Top of EXTRACTED MATERIAL
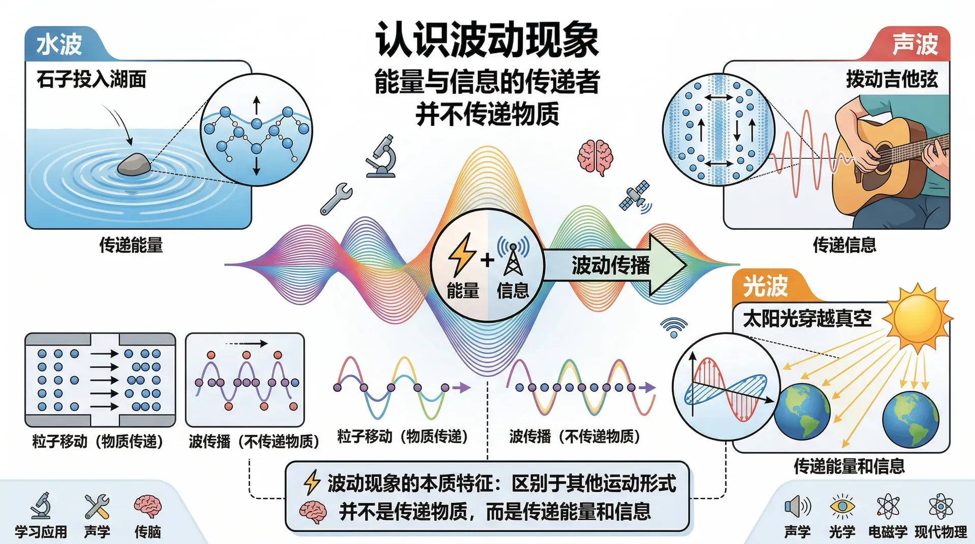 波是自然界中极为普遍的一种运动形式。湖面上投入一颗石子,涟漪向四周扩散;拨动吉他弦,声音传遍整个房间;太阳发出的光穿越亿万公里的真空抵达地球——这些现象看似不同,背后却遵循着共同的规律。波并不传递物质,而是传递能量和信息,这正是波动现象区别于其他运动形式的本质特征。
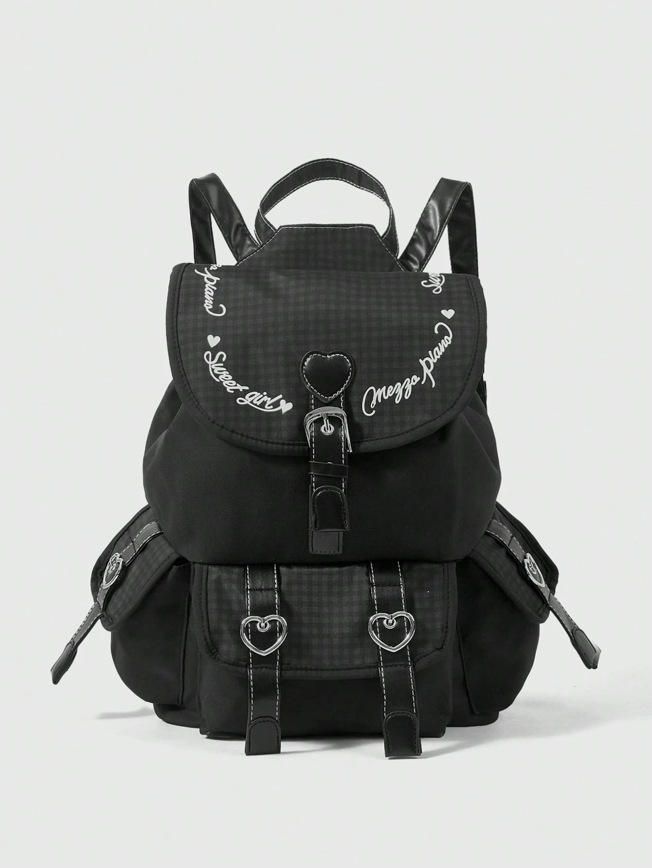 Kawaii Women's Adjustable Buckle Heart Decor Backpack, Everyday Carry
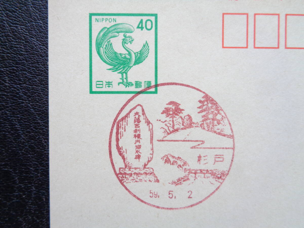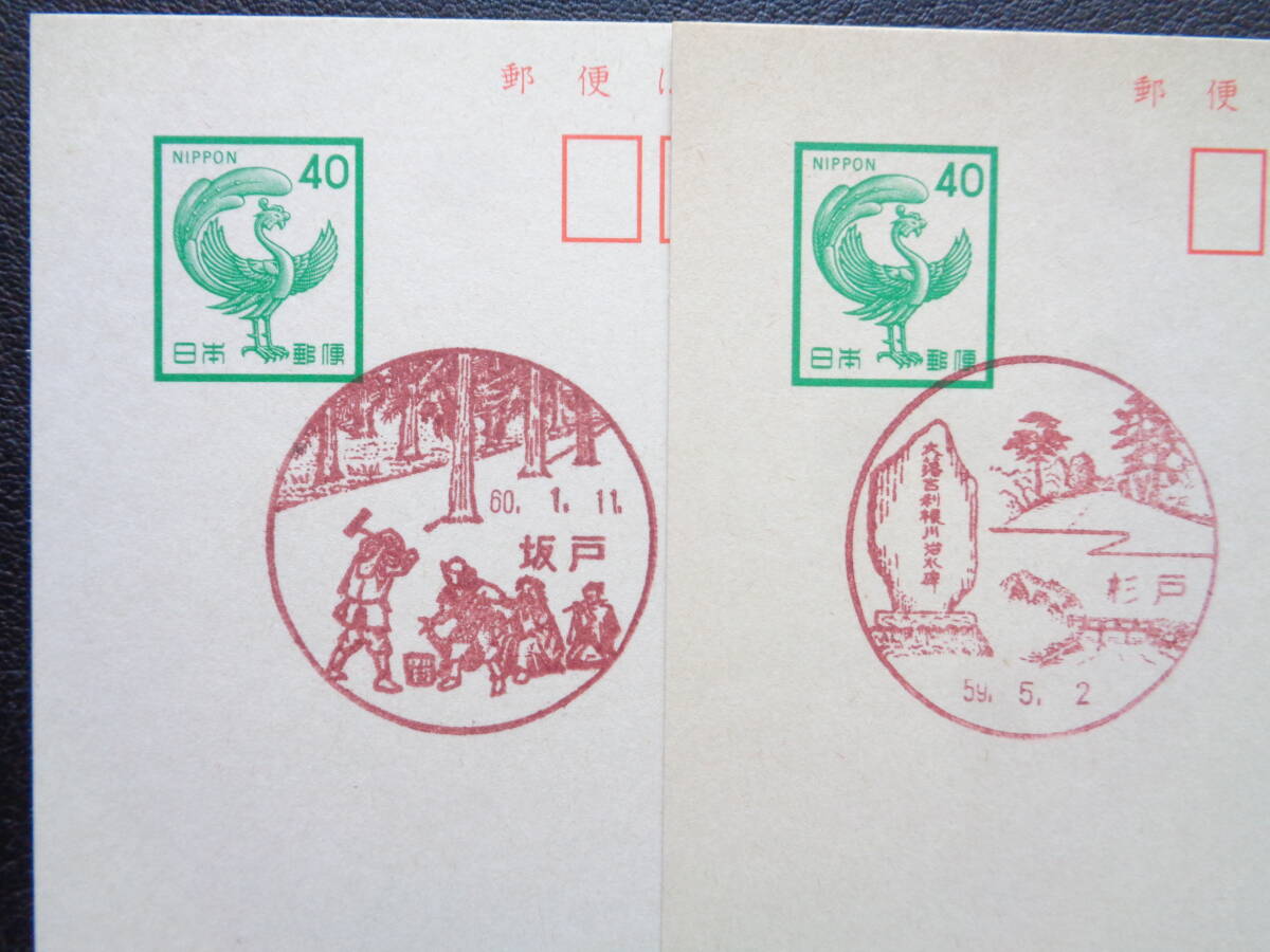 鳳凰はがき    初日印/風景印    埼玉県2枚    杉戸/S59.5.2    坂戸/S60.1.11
Bottom of EXTRACTED MATERIAL
Top of EXTRACTED MATERIAL
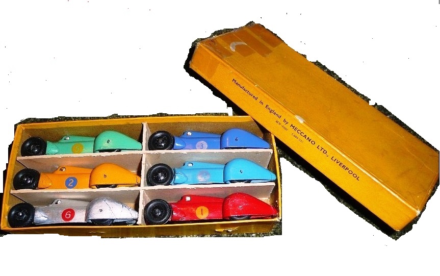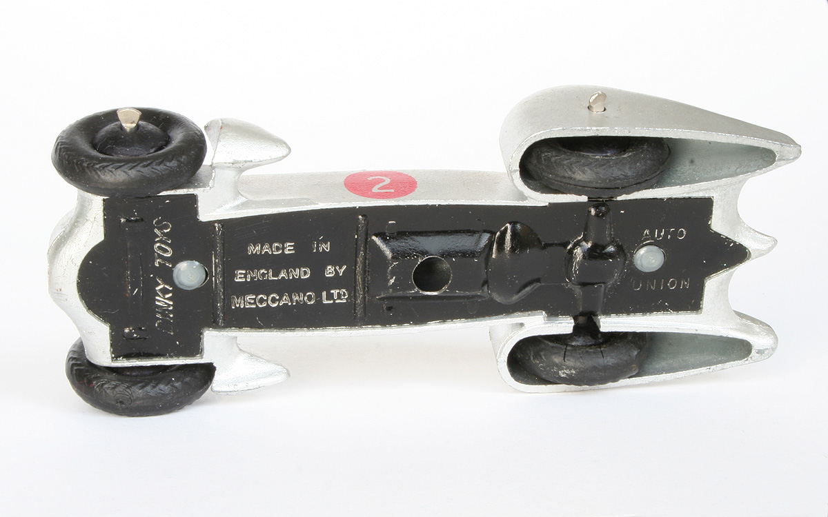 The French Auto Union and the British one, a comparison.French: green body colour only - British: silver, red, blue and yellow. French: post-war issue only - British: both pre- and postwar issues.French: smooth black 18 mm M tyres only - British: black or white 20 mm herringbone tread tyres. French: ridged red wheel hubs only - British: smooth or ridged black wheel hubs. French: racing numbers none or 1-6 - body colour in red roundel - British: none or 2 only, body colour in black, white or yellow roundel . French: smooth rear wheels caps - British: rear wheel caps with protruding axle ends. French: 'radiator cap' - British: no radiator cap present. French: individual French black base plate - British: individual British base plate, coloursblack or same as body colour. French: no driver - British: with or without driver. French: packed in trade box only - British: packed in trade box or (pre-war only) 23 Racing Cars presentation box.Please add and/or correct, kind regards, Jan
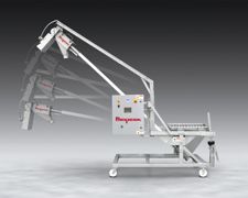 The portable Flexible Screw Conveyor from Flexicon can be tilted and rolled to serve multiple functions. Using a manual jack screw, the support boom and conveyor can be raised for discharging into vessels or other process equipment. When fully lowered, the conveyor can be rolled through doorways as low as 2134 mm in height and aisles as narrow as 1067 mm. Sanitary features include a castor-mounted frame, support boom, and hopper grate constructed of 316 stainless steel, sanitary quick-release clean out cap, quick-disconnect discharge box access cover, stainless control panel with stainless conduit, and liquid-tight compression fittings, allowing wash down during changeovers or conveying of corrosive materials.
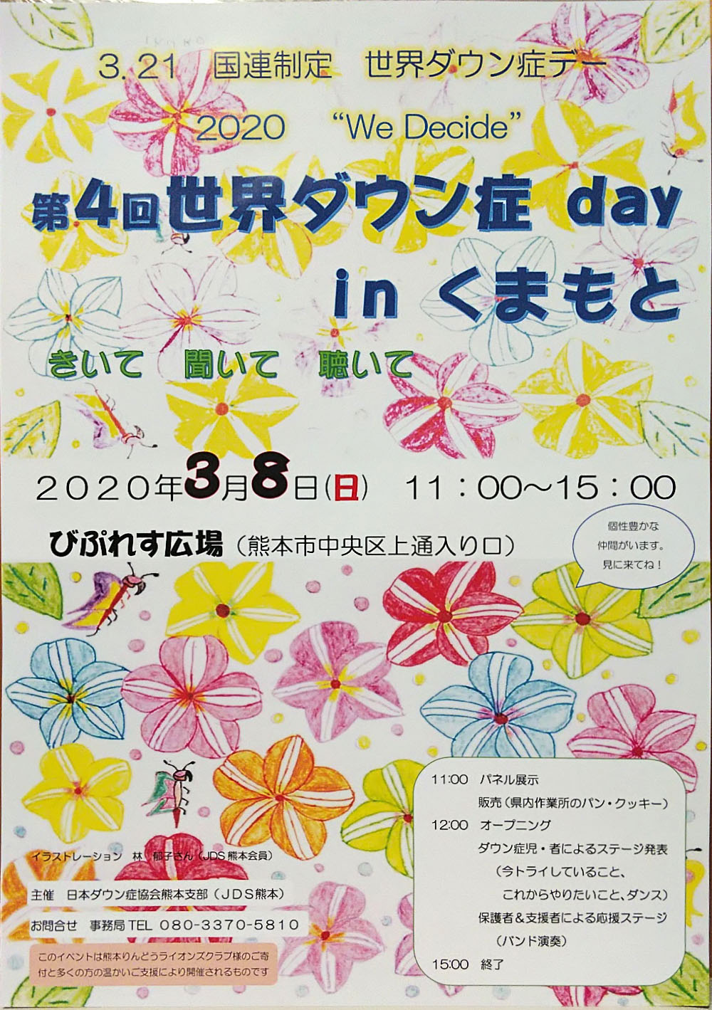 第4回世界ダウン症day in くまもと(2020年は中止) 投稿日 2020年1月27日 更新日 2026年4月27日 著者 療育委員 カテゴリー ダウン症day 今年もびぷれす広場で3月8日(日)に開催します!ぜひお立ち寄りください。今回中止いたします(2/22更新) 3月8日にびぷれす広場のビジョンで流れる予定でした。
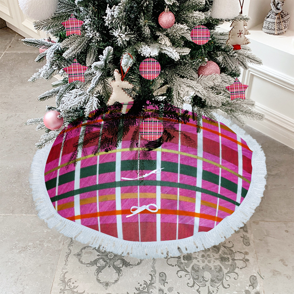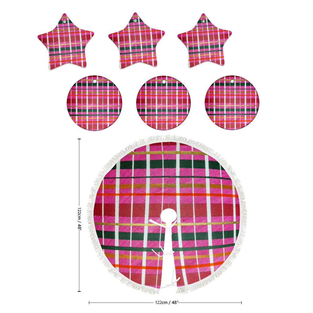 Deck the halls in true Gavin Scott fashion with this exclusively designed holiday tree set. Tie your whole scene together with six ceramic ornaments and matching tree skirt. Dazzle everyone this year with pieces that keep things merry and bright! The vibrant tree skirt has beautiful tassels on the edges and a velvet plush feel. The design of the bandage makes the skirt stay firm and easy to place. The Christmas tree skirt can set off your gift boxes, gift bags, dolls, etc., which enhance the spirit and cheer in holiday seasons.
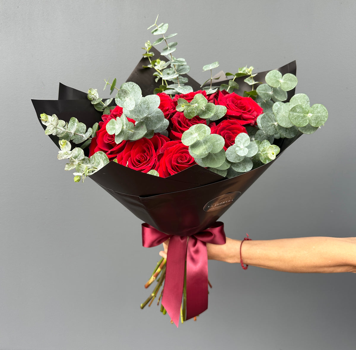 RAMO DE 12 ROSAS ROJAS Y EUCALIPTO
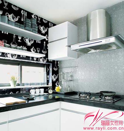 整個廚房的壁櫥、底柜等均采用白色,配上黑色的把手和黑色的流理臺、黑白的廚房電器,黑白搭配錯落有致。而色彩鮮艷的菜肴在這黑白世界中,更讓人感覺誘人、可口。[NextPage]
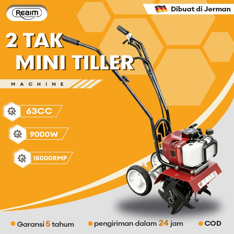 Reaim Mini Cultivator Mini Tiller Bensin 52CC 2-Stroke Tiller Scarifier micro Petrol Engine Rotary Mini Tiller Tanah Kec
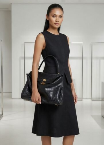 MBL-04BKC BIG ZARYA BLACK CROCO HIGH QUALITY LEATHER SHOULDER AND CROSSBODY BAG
Bottom of EXTRACTED MATERIAL
Top of EXTRACTED MATERIAL
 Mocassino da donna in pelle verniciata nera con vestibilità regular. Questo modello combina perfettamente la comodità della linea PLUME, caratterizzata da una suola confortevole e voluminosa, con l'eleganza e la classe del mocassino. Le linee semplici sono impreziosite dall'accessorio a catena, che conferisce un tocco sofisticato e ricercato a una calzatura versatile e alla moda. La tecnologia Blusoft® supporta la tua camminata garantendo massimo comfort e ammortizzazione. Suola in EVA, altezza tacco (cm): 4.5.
Bottom of EXTRACTED MATERIAL
* _EXERCISE AIM_: Print exactly, with no pictures, the lines above from the one that holds "整個廚房的壁櫥、底柜等均采用" through the one that holds "MBL-04BKC BIG ZARYA", both of them included.

* _ANSWER SECTION_:
 整個廚房的壁櫥、底柜等均采用白色,配上黑色的把手和黑色的流理臺、黑白的廚房電器,黑白搭配錯落有致。而色彩鮮艷的菜肴在這黑白世界中,更讓人感覺誘人、可口。[NextPage]
 Reaim Mini Cultivator Mini Tiller Bensin 52CC 2-Stroke Tiller Scarifier micro Petrol Engine Rotary Mini Tiller Tanah Kec
 MBL-04BKC BIG ZARYA BLACK CROCO HIGH QUALITY LEATHER SHOULDER AND CROSSBODY BAG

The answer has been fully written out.